**Work item**
Copy nothing past the line containing "平常在畫室里畫畫時(shí)". Transcribe every line of the listing below up to and including it, from the first, except pictures.
[Opening Provided entries section]
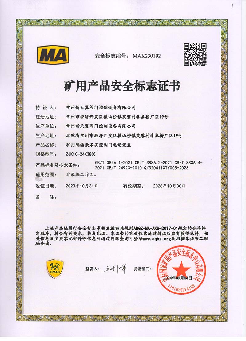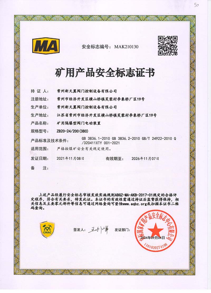 礦用隔爆ZB10-24中國國家強制性產品認證證書110.1
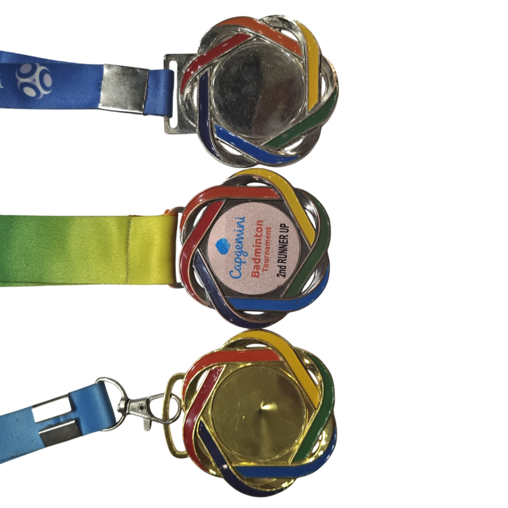 Overall, they appear to be sports medals from a corporate badminton competition.
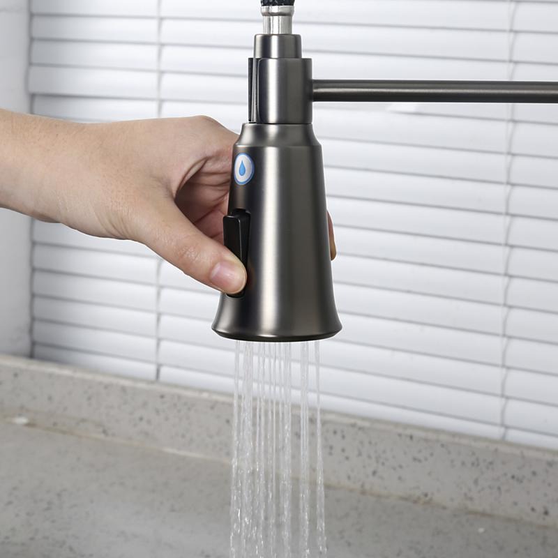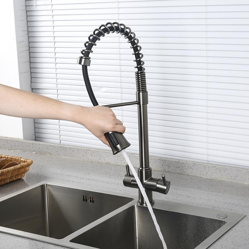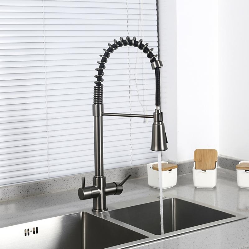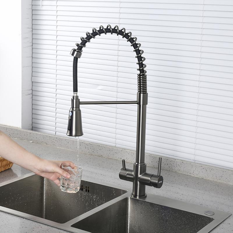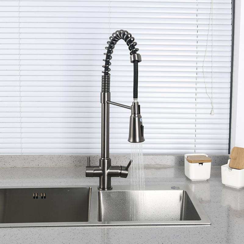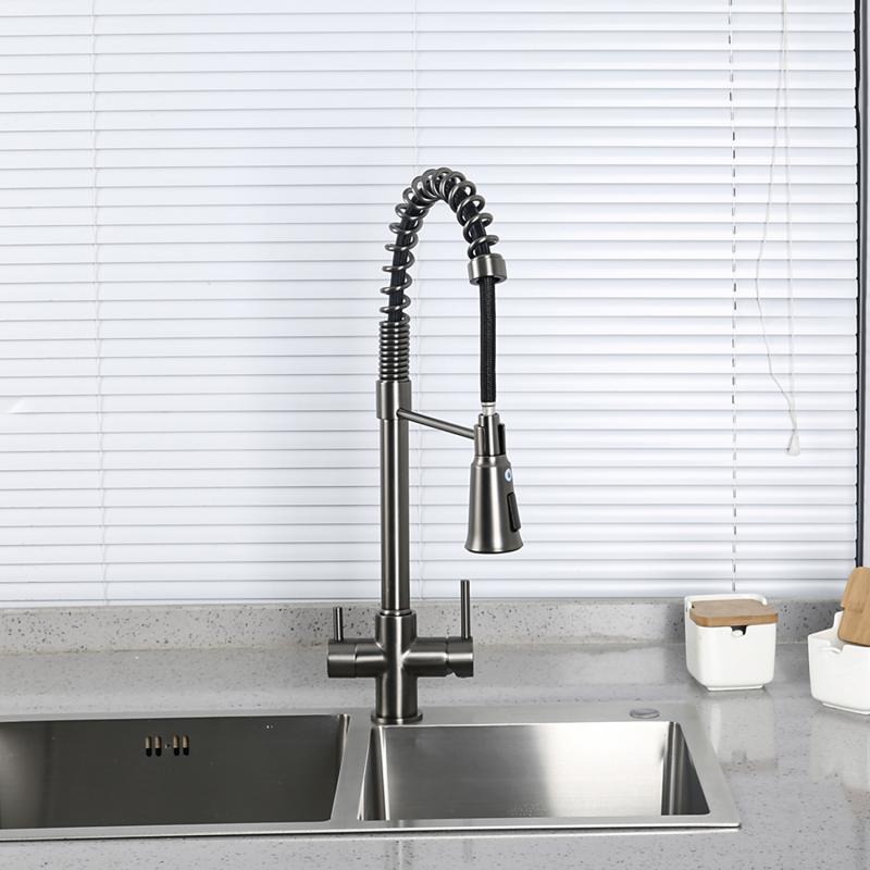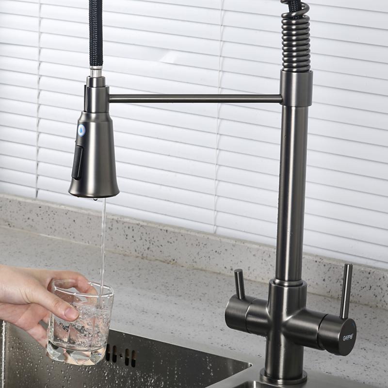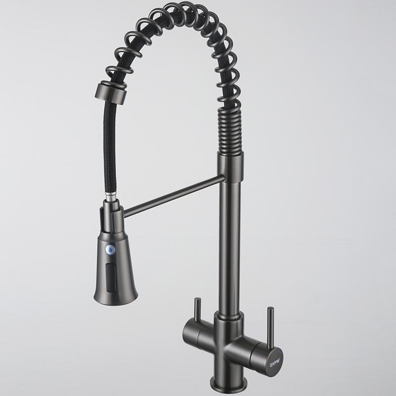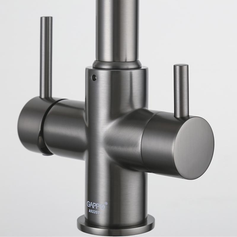 Смеситель для кухни Gappo G4398-69 с гибким изливом и подключением фильтра, материал - латунь, цвет - оружейная сталь.
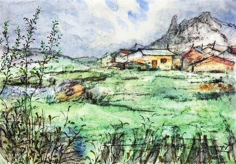 平常在畫室里畫畫時(shí),喜歡用淡淡的墨色體會與宣紙碰撞所散發(fā)出的獨(dú)特墨韻。但是描摹西部,需要更加深厚、絢爛、豐富的色彩,才能表達(dá)我們的感受,寄予我們對這片土地的深情。離開故土,踏向遠(yuǎn)方,那份對家鄉(xiāng)的無盡思念和深深眷戀,是每一位游子心中難以言喻的情感,如同無形的紐帶,將我們與故鄉(xiāng)緊緊相連。這種情感,如同西北高原上那連綿不絕的山脈,既遙遠(yuǎn)又清晰,既冷峻又溫暖。
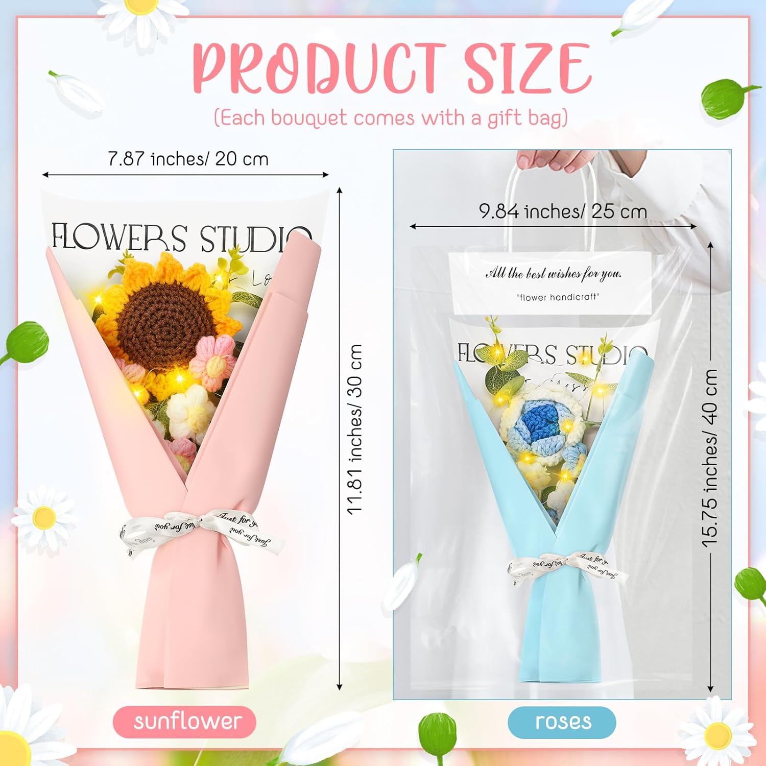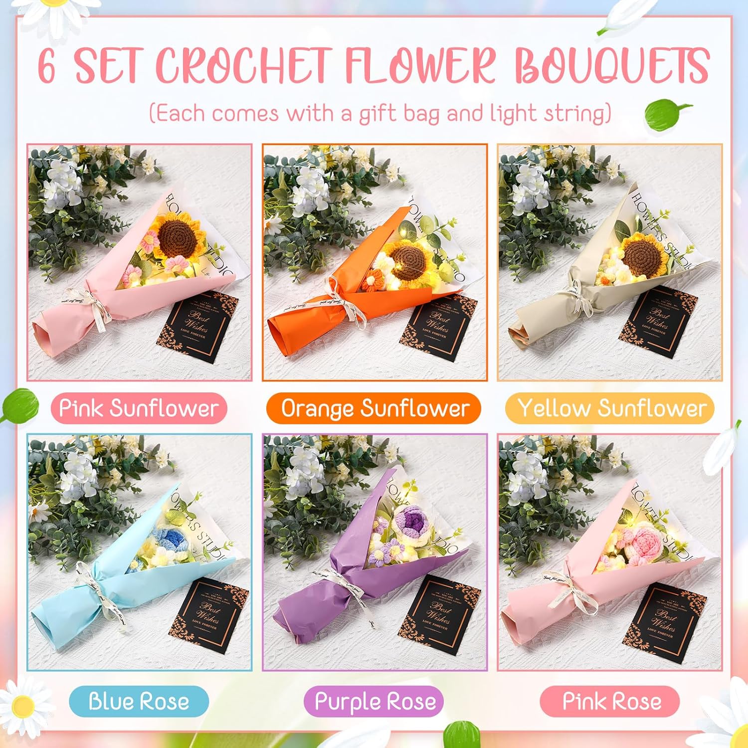 Features: The crochet flower have proper size and portable design, won't take up too much space, and you can carry it to other places easily, will bring you convenience in using. If you have friends who need some flower bouquets in the daily life, you can give them ours, they will like these gifts and feel happy. Specifications: Material: cotton knittingColor: multicolorSize: approx. 11.81 x 7.87 inches/ 30 x 20 cm Package includes: 6 x Crochet flowers bouquetsNotes: Manual measurement, please allow slight errors on size. The color may exist slight difference due to different screen displays.
[Closing Provided entries section]
**Completed exercise**
 礦用隔爆ZB10-24中國國家強制性產品認證證書110.1
 Overall, they appear to be sports medals from a corporate badminton competition.
 Смеситель для кухни Gappo G4398-69 с гибким изливом и подключением фильтра, материал - латунь, цвет - оружейная сталь.
 平常在畫室里畫畫時(shí),喜歡用淡淡的墨色體會與宣紙碰撞所散發(fā)出的獨(dú)特墨韻。但是描摹西部,需要更加深厚、絢爛、豐富的色彩,才能表達(dá)我們的感受,寄予我們對這片土地的深情。離開故土,踏向遠(yuǎn)方,那份對家鄉(xiāng)的無盡思念和深深眷戀,是每一位游子心中難以言喻的情感,如同無形的紐帶,將我們與故鄉(xiāng)緊緊相連。這種情感,如同西北高原上那連綿不絕的山脈,既遙遠(yuǎn)又清晰,既冷峻又溫暖。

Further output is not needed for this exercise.